**TASK GOAL**: Since only part of the material below is wanted, output exactly the lines from the one with "6.3吨5吨大运蓝牌随车吊最" up to and including the one with "78 │ 229 │ └────────────┴───────┴────────┘".
*** GIVEN ENTRIES ***
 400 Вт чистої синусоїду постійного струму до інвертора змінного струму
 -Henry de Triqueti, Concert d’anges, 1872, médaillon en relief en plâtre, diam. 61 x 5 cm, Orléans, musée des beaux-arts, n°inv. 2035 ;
*** End of GIVEN ENTRIES ***
*** GIVEN ENTRIES ***
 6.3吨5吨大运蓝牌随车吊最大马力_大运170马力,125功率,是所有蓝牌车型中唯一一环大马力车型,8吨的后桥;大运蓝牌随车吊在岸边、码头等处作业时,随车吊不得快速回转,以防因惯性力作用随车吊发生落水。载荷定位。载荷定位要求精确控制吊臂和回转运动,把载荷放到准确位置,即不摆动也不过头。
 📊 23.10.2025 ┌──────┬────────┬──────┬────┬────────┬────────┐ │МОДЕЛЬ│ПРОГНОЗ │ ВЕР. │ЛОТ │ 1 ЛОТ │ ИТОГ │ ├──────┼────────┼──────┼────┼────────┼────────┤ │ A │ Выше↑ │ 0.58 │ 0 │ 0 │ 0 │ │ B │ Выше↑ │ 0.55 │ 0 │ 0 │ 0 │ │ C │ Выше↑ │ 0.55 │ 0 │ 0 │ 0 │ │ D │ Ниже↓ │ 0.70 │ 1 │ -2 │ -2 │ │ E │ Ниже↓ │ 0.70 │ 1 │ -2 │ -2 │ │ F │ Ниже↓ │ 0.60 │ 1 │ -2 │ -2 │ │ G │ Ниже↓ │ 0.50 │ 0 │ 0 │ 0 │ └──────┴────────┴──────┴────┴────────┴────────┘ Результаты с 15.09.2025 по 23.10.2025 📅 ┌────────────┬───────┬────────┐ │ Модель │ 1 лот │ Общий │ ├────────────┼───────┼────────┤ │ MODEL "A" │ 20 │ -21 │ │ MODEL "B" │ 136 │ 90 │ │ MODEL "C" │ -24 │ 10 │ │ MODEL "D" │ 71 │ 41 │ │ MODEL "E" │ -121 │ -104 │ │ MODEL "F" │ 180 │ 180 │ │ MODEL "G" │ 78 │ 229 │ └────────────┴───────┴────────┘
*** End of GIVEN ENTRIES ***
**YOUR SOLUTION**:
 6.3吨5吨大运蓝牌随车吊最大马力_大运170马力,125功率,是所有蓝牌车型中唯一一环大马力车型,8吨的后桥;大运蓝牌随车吊在岸边、码头等处作业时,随车吊不得快速回转,以防因惯性力作用随车吊发生落水。载荷定位。载荷定位要求精确控制吊臂和回转运动,把载荷放到准确位置,即不摆动也不过头。
 📊 23.10.2025 ┌──────┬────────┬──────┬────┬────────┬────────┐ │МОДЕЛЬ│ПРОГНОЗ │ ВЕР. │ЛОТ │ 1 ЛОТ │ ИТОГ │ ├──────┼────────┼──────┼────┼────────┼────────┤ │ A │ Выше↑ │ 0.58 │ 0 │ 0 │ 0 │ │ B │ Выше↑ │ 0.55 │ 0 │ 0 │ 0 │ │ C │ Выше↑ │ 0.55 │ 0 │ 0 │ 0 │ │ D │ Ниже↓ │ 0.70 │ 1 │ -2 │ -2 │ │ E │ Ниже↓ │ 0.70 │ 1 │ -2 │ -2 │ │ F │ Ниже↓ │ 0.60 │ 1 │ -2 │ -2 │ │ G │ Ниже↓ │ 0.50 │ 0 │ 0 │ 0 │ └──────┴────────┴──────┴────┴────────┴────────┘ Результаты с 15.09.2025 по 23.10.2025 📅 ┌────────────┬───────┬────────┐ │ Модель │ 1 лот │ Общий │ ├────────────┼───────┼────────┤ │ MODEL "A" │ 20 │ -21 │ │ MODEL "B" │ 136 │ 90 │ │ MODEL "C" │ -24 │ 10 │ │ MODEL "D" │ 71 │ 41 │ │ MODEL "E" │ -121 │ -104 │ │ MODEL "F" │ 180 │ 180 │ │ MODEL "G" │ 78 │ 229 │ └────────────┴───────┴────────┘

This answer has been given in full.